The final speaker is Iain Sutherland, whose interest is in the scares around brain cancer as caused by mobiles and mobile transmissions. He notes the shift from media audiences to media users with mobile technologies, introducing the virtual into real and local contexts, but he aims to recover the affective dimensions of mobiles as media technologies through his paper. Mobile phone systems sit at the connection point between public and private, virtual and corporeal, and from this, an affective conception of risk can arise.
Iain highlights the case of the development of a mobile phone tower on the propery of a church in Yarraville; in accordance with building requirements, the tower was proposed to be designed in the form of a Christian cross. This application created a great deal of resistance, but could not be dismissed upon health grounds alone; it points to the affective dimension of mobile phone technologies. He also highlights the development of mobile phone accessories which act as augments to the human body, from textable, vibrating mobile phone cushions to a variety of other technologies, and which further demonstrate the incorporation of technologies into the body's corporality and spatiality.

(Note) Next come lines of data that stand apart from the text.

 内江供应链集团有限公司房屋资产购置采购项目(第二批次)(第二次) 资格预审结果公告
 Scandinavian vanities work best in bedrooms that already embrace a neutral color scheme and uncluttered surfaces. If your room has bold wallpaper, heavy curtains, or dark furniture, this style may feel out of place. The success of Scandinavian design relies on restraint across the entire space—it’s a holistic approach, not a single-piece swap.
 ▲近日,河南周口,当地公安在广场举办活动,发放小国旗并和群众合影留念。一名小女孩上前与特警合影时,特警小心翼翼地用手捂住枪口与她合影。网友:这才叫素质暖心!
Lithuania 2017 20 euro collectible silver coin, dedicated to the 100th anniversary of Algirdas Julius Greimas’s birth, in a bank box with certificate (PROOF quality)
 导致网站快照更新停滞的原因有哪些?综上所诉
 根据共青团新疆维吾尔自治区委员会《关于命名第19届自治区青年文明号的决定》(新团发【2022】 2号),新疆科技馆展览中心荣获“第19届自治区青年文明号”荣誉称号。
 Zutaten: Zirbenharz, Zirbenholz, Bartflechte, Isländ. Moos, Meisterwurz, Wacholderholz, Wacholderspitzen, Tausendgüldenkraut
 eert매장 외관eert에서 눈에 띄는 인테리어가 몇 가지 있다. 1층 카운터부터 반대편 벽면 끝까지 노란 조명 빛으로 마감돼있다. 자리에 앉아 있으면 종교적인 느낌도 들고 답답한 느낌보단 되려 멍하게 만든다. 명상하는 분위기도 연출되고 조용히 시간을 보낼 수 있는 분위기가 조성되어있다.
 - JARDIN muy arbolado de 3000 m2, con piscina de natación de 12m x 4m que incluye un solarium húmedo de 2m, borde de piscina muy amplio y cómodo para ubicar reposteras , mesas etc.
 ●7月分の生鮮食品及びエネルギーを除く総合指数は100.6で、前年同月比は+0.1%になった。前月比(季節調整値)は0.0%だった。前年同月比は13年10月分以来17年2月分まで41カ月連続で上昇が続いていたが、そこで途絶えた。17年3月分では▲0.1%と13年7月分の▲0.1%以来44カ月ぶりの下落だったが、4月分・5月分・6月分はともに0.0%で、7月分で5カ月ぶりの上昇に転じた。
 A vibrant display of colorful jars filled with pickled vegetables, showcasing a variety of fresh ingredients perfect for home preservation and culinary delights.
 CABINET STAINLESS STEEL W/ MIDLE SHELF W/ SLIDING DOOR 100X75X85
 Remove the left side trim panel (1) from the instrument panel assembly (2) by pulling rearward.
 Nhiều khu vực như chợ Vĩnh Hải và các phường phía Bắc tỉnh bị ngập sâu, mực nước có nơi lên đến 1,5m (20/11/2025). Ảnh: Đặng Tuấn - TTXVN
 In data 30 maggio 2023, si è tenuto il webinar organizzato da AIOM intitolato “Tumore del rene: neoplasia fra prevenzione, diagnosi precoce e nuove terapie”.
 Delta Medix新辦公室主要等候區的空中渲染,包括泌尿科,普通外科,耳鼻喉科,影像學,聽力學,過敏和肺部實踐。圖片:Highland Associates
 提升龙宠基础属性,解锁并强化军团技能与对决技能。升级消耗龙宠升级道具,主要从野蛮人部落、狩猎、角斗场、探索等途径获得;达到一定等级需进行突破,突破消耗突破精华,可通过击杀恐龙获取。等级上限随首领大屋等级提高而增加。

In Yarraville, responses to the development proposal were sharply emotional, and focussed around health risks; these may be seen as driven by the embedding of the body in virtual systems. Such fears persisted even in the absence of significant proof that mobile radiation was a health risk (but also in the absence of positive proof for its absence); additionally, the greatest risk of mobile radiation is posed by handsets, not by phone towers. What such responses work from, then, is an affective knowledge of risk, not from determinate judgments, but aesthetic, reflective judgments and even synaesthetic judgments which combine questions of health risks with psychological effects and visual impact. The perception of risk arises from the connection between such judgments, not from any of them in isolation. Affect is that which escapes capture and containment, and the Yarraville case uncovers such affect.